Source data
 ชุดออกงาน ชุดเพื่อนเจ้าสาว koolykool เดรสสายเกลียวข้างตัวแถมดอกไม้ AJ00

* * *

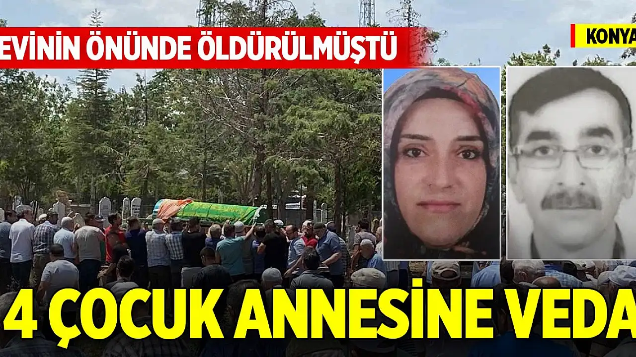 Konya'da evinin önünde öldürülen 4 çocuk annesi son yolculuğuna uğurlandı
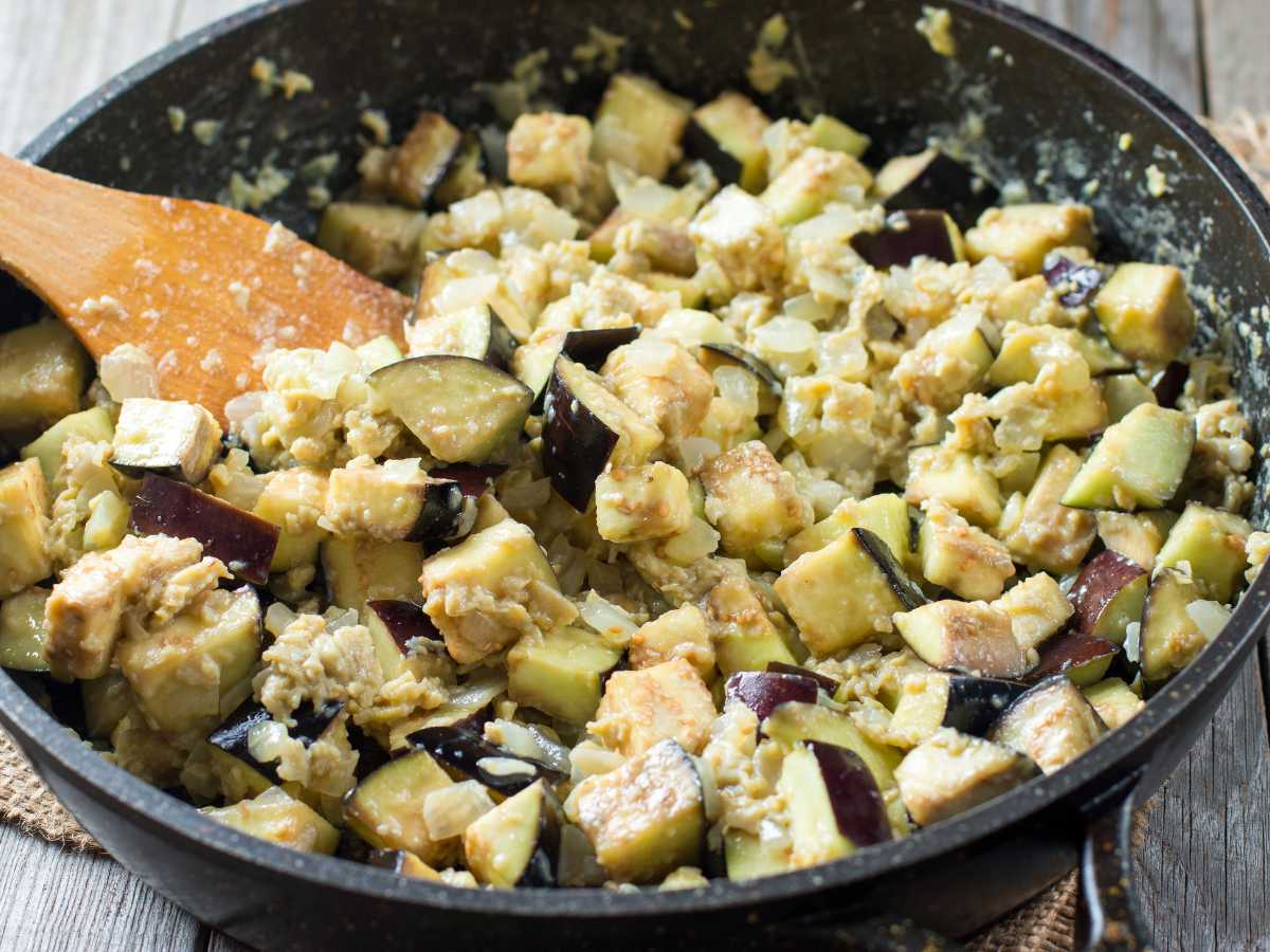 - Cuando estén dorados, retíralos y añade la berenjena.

...

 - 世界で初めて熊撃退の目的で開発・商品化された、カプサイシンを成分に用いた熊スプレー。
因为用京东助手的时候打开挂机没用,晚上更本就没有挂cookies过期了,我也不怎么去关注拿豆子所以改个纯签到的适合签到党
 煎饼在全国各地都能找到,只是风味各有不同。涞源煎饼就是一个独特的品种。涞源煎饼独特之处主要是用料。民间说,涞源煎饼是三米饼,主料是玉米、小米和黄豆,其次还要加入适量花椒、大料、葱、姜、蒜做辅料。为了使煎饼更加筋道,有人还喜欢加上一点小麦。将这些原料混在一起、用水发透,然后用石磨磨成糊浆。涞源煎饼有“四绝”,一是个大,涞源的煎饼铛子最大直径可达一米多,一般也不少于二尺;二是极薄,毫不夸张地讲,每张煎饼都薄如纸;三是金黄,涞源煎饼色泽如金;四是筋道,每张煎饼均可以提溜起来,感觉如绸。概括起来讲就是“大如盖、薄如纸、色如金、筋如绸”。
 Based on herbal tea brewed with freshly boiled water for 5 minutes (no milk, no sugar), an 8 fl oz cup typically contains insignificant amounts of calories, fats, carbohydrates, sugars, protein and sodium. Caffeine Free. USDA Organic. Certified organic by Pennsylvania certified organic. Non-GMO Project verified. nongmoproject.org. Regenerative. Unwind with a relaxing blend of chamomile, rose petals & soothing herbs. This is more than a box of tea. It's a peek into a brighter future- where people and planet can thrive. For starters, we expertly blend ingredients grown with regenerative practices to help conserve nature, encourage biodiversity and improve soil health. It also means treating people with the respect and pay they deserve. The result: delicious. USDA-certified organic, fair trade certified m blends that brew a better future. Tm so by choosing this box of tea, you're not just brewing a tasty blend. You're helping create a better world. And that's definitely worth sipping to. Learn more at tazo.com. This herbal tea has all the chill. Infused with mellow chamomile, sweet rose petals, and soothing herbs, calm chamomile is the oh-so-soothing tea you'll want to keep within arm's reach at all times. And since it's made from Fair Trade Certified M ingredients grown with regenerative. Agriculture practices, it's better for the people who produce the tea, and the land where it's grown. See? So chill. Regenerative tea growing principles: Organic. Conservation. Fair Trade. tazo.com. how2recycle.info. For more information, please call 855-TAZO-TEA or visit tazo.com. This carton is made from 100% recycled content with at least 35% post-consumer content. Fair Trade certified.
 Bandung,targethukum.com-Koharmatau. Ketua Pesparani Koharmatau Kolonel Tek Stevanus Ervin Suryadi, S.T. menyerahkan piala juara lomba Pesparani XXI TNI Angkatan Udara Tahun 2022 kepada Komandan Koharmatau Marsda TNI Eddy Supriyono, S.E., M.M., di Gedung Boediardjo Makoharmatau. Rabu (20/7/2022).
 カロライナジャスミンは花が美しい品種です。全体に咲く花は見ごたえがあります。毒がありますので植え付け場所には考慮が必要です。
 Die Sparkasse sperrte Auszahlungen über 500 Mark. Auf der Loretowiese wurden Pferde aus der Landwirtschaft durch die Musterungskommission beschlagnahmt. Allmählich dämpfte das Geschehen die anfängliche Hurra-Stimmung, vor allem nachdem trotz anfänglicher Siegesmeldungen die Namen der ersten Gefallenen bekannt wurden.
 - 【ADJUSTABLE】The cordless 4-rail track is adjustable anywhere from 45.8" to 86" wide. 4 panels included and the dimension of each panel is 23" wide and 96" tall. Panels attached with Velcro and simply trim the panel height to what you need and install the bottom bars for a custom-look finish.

What to do
Beginning at the line with "Based on herbal" and stopping after the line with "カロライナジャスミンは花が美", please write out every line of the data above exactly and nothing else.

Solved exercise
 Based on herbal tea brewed with freshly boiled water for 5 minutes (no milk, no sugar), an 8 fl oz cup typically contains insignificant amounts of calories, fats, carbohydrates, sugars, protein and sodium. Caffeine Free. USDA Organic. Certified organic by Pennsylvania certified organic. Non-GMO Project verified. nongmoproject.org. Regenerative. Unwind with a relaxing blend of chamomile, rose petals & soothing herbs. This is more than a box of tea. It's a peek into a brighter future- where people and planet can thrive. For starters, we expertly blend ingredients grown with regenerative practices to help conserve nature, encourage biodiversity and improve soil health. It also means treating people with the respect and pay they deserve. The result: delicious. USDA-certified organic, fair trade certified m blends that brew a better future. Tm so by choosing this box of tea, you're not just brewing a tasty blend. You're helping create a better world. And that's definitely worth sipping to. Learn more at tazo.com. This herbal tea has all the chill. Infused with mellow chamomile, sweet rose petals, and soothing herbs, calm chamomile is the oh-so-soothing tea you'll want to keep within arm's reach at all times. And since it's made from Fair Trade Certified M ingredients grown with regenerative. Agriculture practices, it's better for the people who produce the tea, and the land where it's grown. See? So chill. Regenerative tea growing principles: Organic. Conservation. Fair Trade. tazo.com. how2recycle.info. For more information, please call 855-TAZO-TEA or visit tazo.com. This carton is made from 100% recycled content with at least 35% post-consumer content. Fair Trade certified.
 Bandung,targethukum.com-Koharmatau. Ketua Pesparani Koharmatau Kolonel Tek Stevanus Ervin Suryadi, S.T. menyerahkan piala juara lomba Pesparani XXI TNI Angkatan Udara Tahun 2022 kepada Komandan Koharmatau Marsda TNI Eddy Supriyono, S.E., M.M., di Gedung Boediardjo Makoharmatau. Rabu (20/7/2022).
 カロライナジャスミンは花が美しい品種です。全体に咲く花は見ごたえがあります。毒がありますので植え付け場所には考慮が必要です。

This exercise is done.